Art. 7°. As despesas decorrentes da presente Lei serão suportadas pelas dotações próprias do orçamento vigente, suplementada se necessário.

Art. 8°. Esta Lei entrará em vigor na data de sua publicação, com efeitos a partir de 01 de maio de 2015.

(...)”.

II.     O PARÂMETRO DA FISCALIZAÇÃO ABSTRATA DE CONSTITUCIONALIDADE

Os dispositivos legais impugnados do Município de Estância Balneária de Ilhabela contrariam frontalmente a Constituição do Estado de São Paulo, à qual está subordinada a produção normativa municipal ante a previsão dos arts. 1º, 18, 29 e 31 da Constituição Federal.
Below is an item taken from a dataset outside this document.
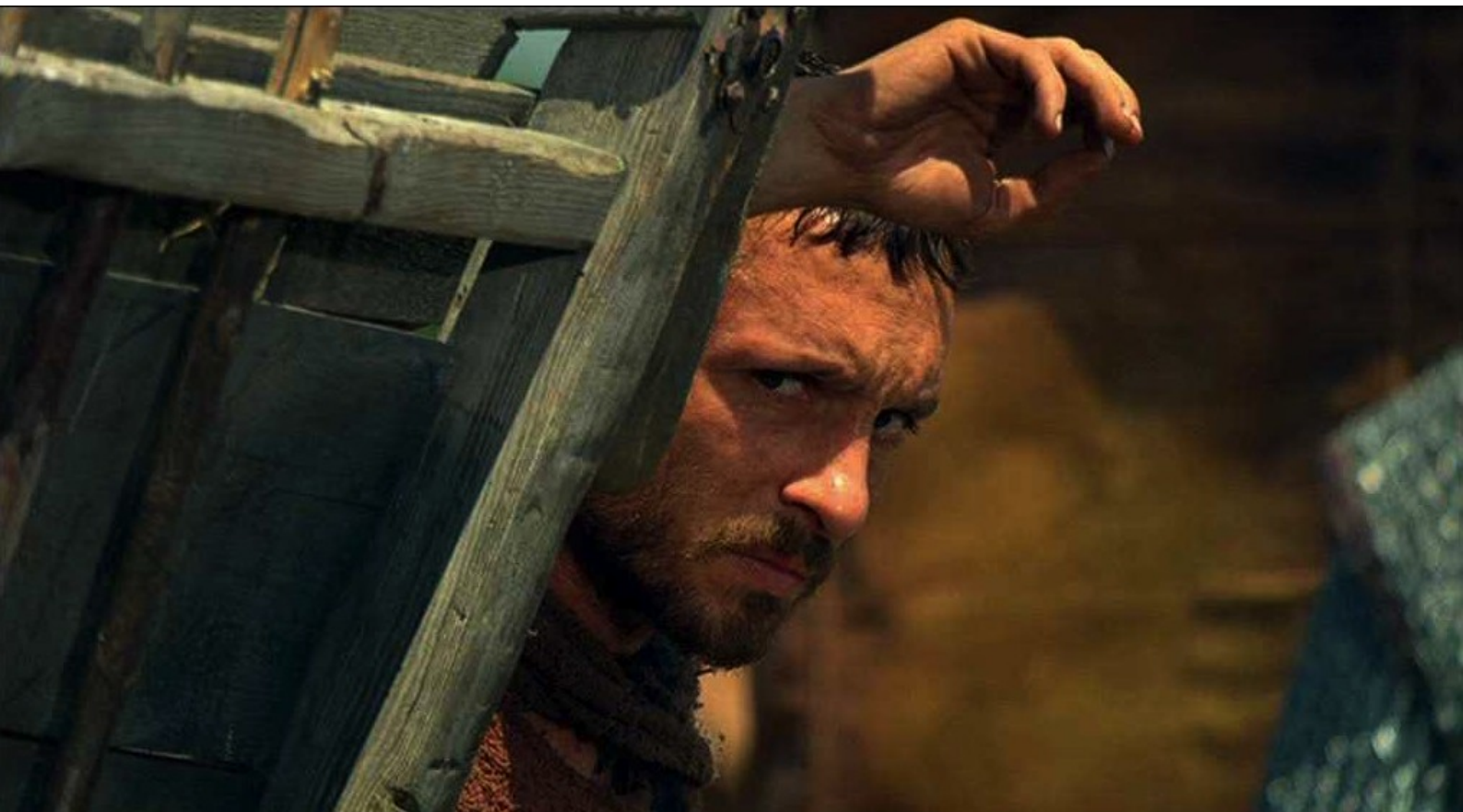
Hispania, la Leyenda : sous les yeux d'Hector, qui se dissimule.

        Referido ato normativo municipal é incompatível com os seguintes preceitos da Constituição Estadual, de observância obrigatória pelos Municípios por força de seu art. 144, verbis:

“Art. 111. A administração pública direta, indireta ou fundacional, de qualquer dos Poderes do Estado, obedecerá aos princípios de legalidade, impessoalidade, moralidade, publicidade, razoabilidade, finalidade, motivação, interesse público e eficiência.

(...)

Art. 128 – As vantagens de qualquer natureza só poderão ser instituídas por lei e quando atendam efetivamente ao interesse público e às exigências do serviço.

(...)

Art. 144 – Os Municípios, com autonomia política, legislativa, administrativa e financeira se auto-organizarão por lei orgânica, atendidos os princípios estabelecidos na Constituição Federal e nesta Constituição”.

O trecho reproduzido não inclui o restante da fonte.